[Entries supplied — start]

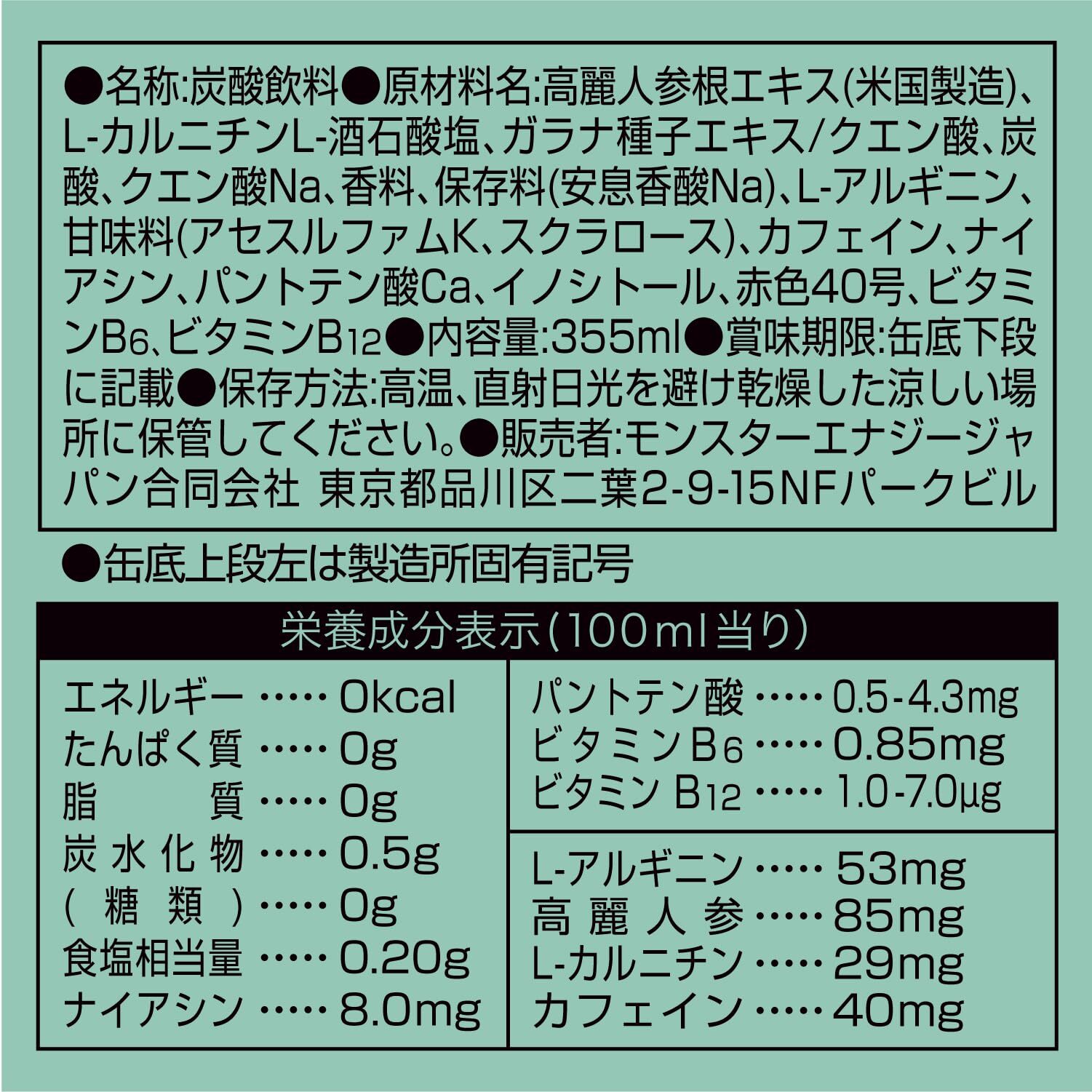高麗人参根エキス(米国製造)、L-カルニチンL-酒石酸塩、ガラナ種子エキス/クエン酸、炭酸、クエン酸Na、香料、保存料(安息香酸Na)、L-アルギニン、甘味料(アセスルファムK、スクラロース)、カフェイン、ナイアシン、パントテン酸Ca、イノシトール、赤色40号、ビタミンB6、ビタミンB12
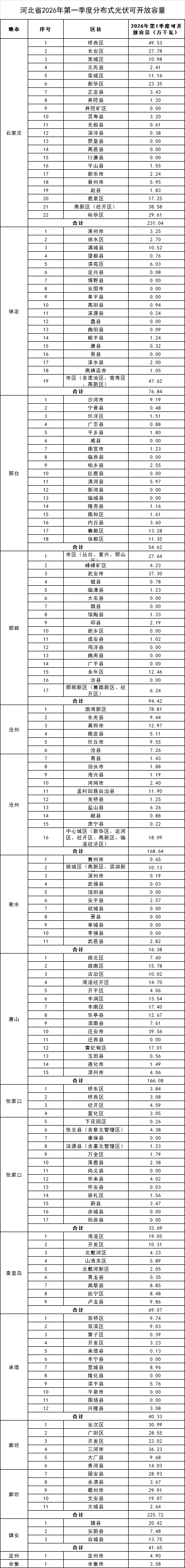 河北省2026年第一季度分布式光伏可开放容量详情见下表:
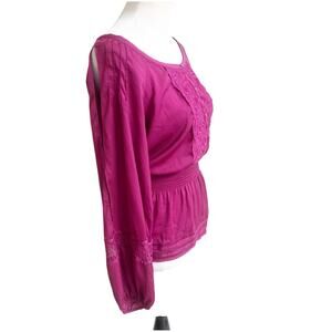 Bebe Y2K Peplum Top Satin Long Sleeve Size XS Fuschia Pink Slit Shoulder Lace
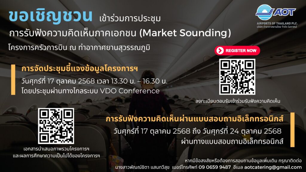 ขอเชิญชวนเข้าร่วมการประชุมการรับฟังความคิดเห็นภาคเอกชน (Market Sounding) โครงการครัวการบิน ณ ท่าอากาศยานสุวรรณภูมิ
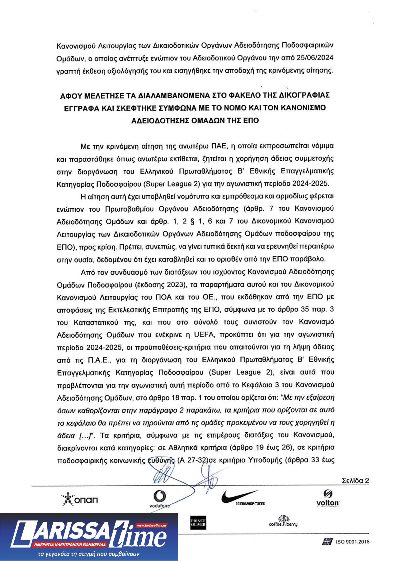 Το Πρωτοβάθμιο Όργανο Αδειοδότησης της Ελληνικής Ποδοσφαιρικής Ομοσπονδίας εξέτασε το φάκελο της ΠΑΕ ΑΕΛ και χορηγεί την άδεια για τις εγχώριες διοργανώσεις (Super League 2) για την αγωνιστική περίοδο 2024-2025.
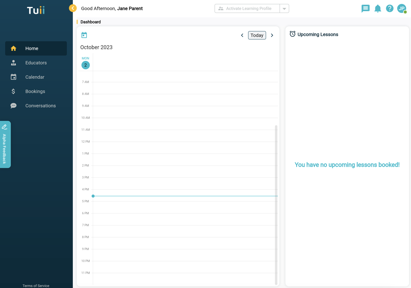 You will notice at the top of the screen “Activate Learning Profile”. This is where you change between the Parent User and the Child User. The child has no access to payments or bookings when their learning profile is activated.
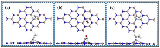 We established and optimized the molecular models of CH4, CO, and C2H4 in Dmol3, and we carried out adsorption calculations based on the Cr–InN model constructed above. It is obvious that there were many possible ways for each gas to adsorb on the Cr–InN monolayer. In order to figure out the optimal adsorption structure of each gas, different approaching atoms and adsorption angles were used to obtain all possible adsorption structures, the Eads and Qt of which were compared. The selected adsorption structures for the three gases with the optimal parameters in the system are shown in Figure 3, and the Eads and adsorption distance corresponding to each structure are shown in Figure 4.
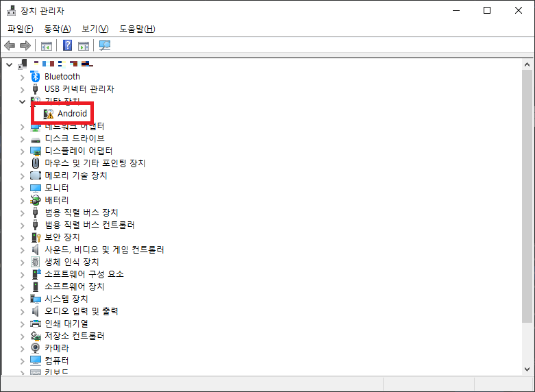 - 기타 장치 Android 드라이브 업데이트 및 삭제 후 재 설치 후에도 인식 되지 않음.

[Entries supplied — finish]

## What to do
Give the lines exactly, from the first line of the entries to the line with "โครงการครัวการบิน ณ ท่าอากาศยานสุวรรณภูมิ", both ends included. Skip the pictures.

## Answer section
高麗人参根エキス(米国製造)、L-カルニチンL-酒石酸塩、ガラナ種子エキス/クエン酸、炭酸、クエン酸Na、香料、保存料(安息香酸Na)、L-アルギニン、甘味料(アセスルファムK、スクラロース)、カフェイン、ナイアシン、パントテン酸Ca、イノシトール、赤色40号、ビタミンB6、ビタミンB12
 河北省2026年第一季度分布式光伏可开放容量详情见下表:
 Bebe Y2K Peplum Top Satin Long Sleeve Size XS Fuschia Pink Slit Shoulder Lace
 ขอเชิญชวนเข้าร่วมการประชุมการรับฟังความคิดเห็นภาคเอกชน (Market Sounding) โครงการครัวการบิน ณ ท่าอากาศยานสุวรรณภูมิ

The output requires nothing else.